Now let's try to use LDA instead of LSA using Gensim

In [11]:
# TODO: Compute LDA
from gensim.models import LdaModel
LDA = LdaModel(corpus=corpus, num_topics = 4, id2word=dictionary, random_state=0, chunksize=512, passes=5)

In [12]:
# TODO: print the most frequent words of each topic
LDA.print_topics(num_words=3)

[(0, '0.016*"report" + 0.009*"back" + 0.009*"may"'),
 (1, '0.012*"mine" + 0.011*"polic" + 0.009*"elect"'),
 (2, '0.013*"question" + 0.010*"council" + 0.010*"fund"'),
 (3, '0.012*"sydney" + 0.012*"charg" + 0.011*"australian"')]

Now, how does it work with LDA? The result is different from LSA. In this case, it has no repeating topics, however, the topics don't make sense much. 

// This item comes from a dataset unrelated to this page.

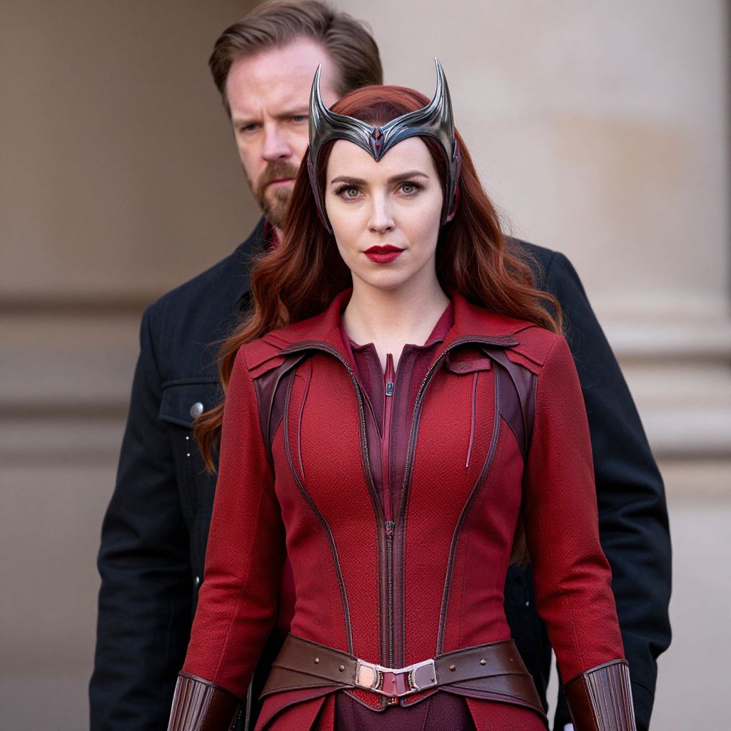 Scarlet Witch Costume Man, woman in a red jacket and black jacket with a horned headpiece

Let's make some visualization of the LDA results using pyLDAvis.

In [13]:
# TODO: show visualization results of the LDA
! pip install pyldavis



In [14]:
! pip install --upgrade joblib



In [15]:
! pip install --upgrade pandas



In [16]:
import pickle
import gensim.corpora as corpora
from gensim.corpora import Dictionary
from gensim.models.coherencemodel import CoherenceModel

In [17]:
import pyLDAvis 
import pyLDAvis.gensim
import pyLDAvis.gensim_models
pyLDAvis.enable_notebook()
vis = pyLDAvis.gensim.prepare(LDA, corpus, dictionary)
vis

  from pandas.core import (
  from pandas.core import (
  from pandas.core import (
  from pandas.core import (
  from pandas.core import (
  from pandas.core import (
  from pandas.core import (
  from pandas.core import (


Depending on your results, you can try to fine tune the algorithm: number of topics, hyperparameters...
And check with others their results.